The answer must consist of every line below that contains the word "Andrés".

- Stored data -
*****
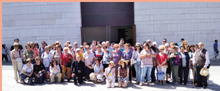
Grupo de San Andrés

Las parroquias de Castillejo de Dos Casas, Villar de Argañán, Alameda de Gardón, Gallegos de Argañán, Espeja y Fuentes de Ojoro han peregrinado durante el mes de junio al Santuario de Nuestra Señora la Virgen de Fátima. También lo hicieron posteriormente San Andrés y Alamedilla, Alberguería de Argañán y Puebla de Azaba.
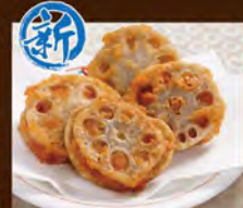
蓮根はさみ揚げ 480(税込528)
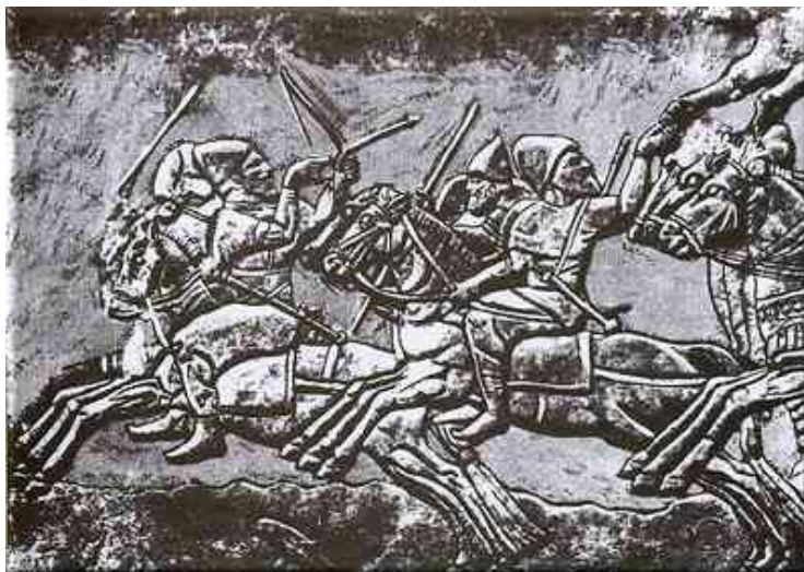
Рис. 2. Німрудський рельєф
*****
- Written response -
Grupo de San Andrés
Las parroquias de Castillejo de Dos Casas, Villar de Argañán, Alameda de Gardón, Gallegos de Argañán, Espeja y Fuentes de Ojoro han peregrinado durante el mes de junio al Santuario de Nuestra Señora la Virgen de Fátima. También lo hicieron posteriormente San Andrés y Alamedilla, Alberguería de Argañán y Puebla de Azaba.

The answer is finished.